I have a terraform code to deploy a Databricks Workspace.
resource "azurerm_databricks_workspace" "databricks" {
resource_group_name = var.resource_group_name
location = var.context.location # West Europe
name = local.dbw_name
managed_resource_group_name = local.mrg_name
sku = "premium" # Needed for private endpoint
public_network_access_enabled = false
network_security_group_rules_required = "NoAzureDatabricksRules" # https://docs.microsoft.com/en-us/azure/databricks/administration-guide/cloud-configurations/azure/private-link#--step-3-provision-an-azure-databricks-workspace-and-private-endpoints
custom_parameters {
no_public_ip = true # Security constrain
virtual_network_id = local.vnet_id
public_subnet_name = local.container_subnet_name
public_subnet_network_security_group_association_id = var.subnet_configuration_for_container.network_security_group_id
private_subnet_name = local.host_subnet_name
private_subnet_network_security_group_association_id = var.subnet_configuration_for_host.network_security_group_id
storage_account_name = local.st_name
}
tags = merge(local.default_tags, { managed_databricks = true })
lifecycle {
ignore_changes = [
tags["availability"],
tags["confidentiality"],
tags["integrity"],
tags["spoke_type"],
tags["traceability"],
]
precondition {
condition = length(local.dbw_name) < 64
error_message = "The Databricks resource name must be no longer than 64 characters.
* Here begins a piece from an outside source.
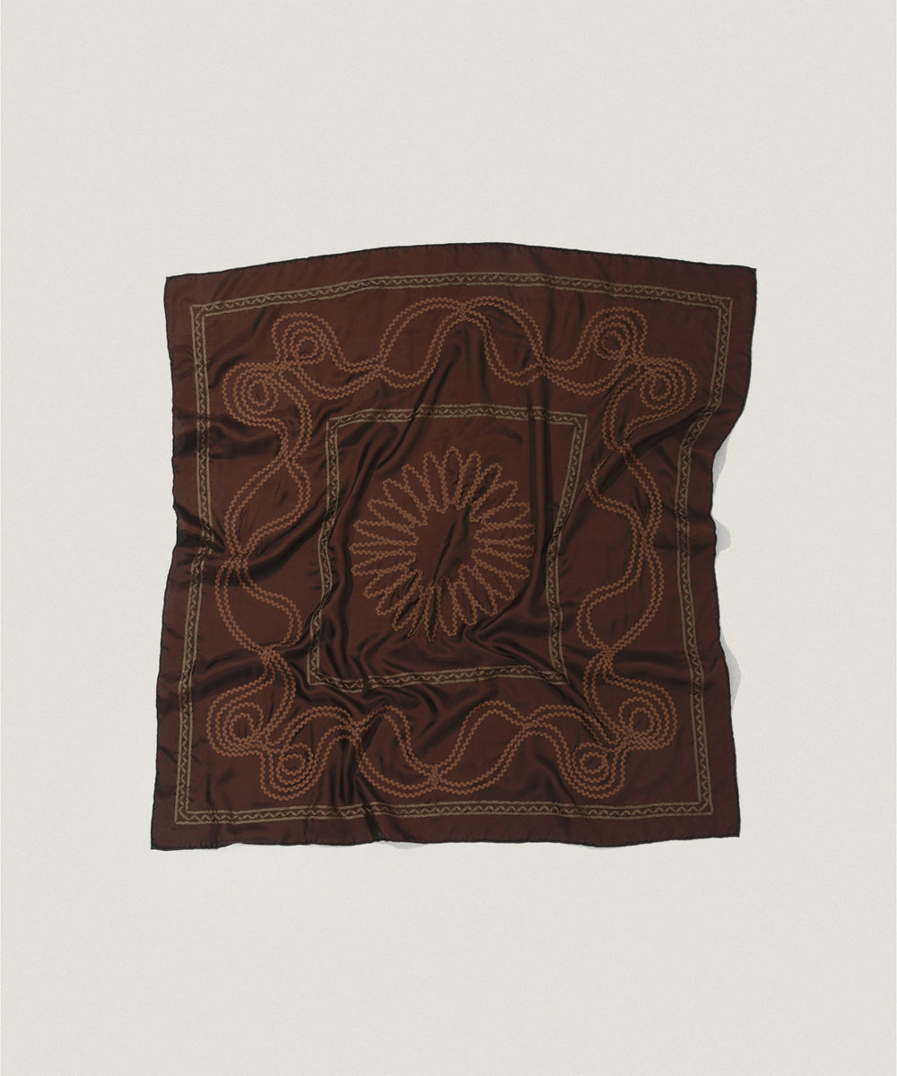 秋らしいペイズリー柄をコード刺繍で仕上げた、シルクスカーフ。

Please shorten the `instance` variable."
}
}
depends_on = [
data.azapi_resource.subnet["host"],
data.azapi_resource.subnet["container"]
]
}
We also have 2 private endpoints for the webapp dbw and webauth dbw. Both are then registered in our custom DNS so that the URL/IP of the host and container are accessible inside our network.
When deploying this code on subscription A, we have 0 issue. Cluster starts correclty, fast, no timeout.
But when deploying on subscription B and C that are identical as A, we have issues. The only difference between A/B/C are the name/ID (same tenantID), the policies are the same, the terraform code is the same, the DNS/firewall/proxy is the same.
On Subscription B/C when trying to start a cluster/job/dbt we have issue starting them. But not all the time.
Here is the error on the Databricks UI:
Failed to get instance bootstrap steps from the Databricks Control Plane.
Please check that instances have connectivity to the Databricks Control Plane.
Instance bootstrap failed command: GetRunbook Failure message: (Base64 encoded) XXXXXXXXXXXXXXX
VM extension code: ProvisioningState/succeeded instanceId:
InstanceId(aca79a0fb49e4c808700af118638e8ac)
workerEnv: workerenv-2477805373171457
Additional details (may be truncated): [Bootstrap Event] Command DownloadBootstrapScript finished.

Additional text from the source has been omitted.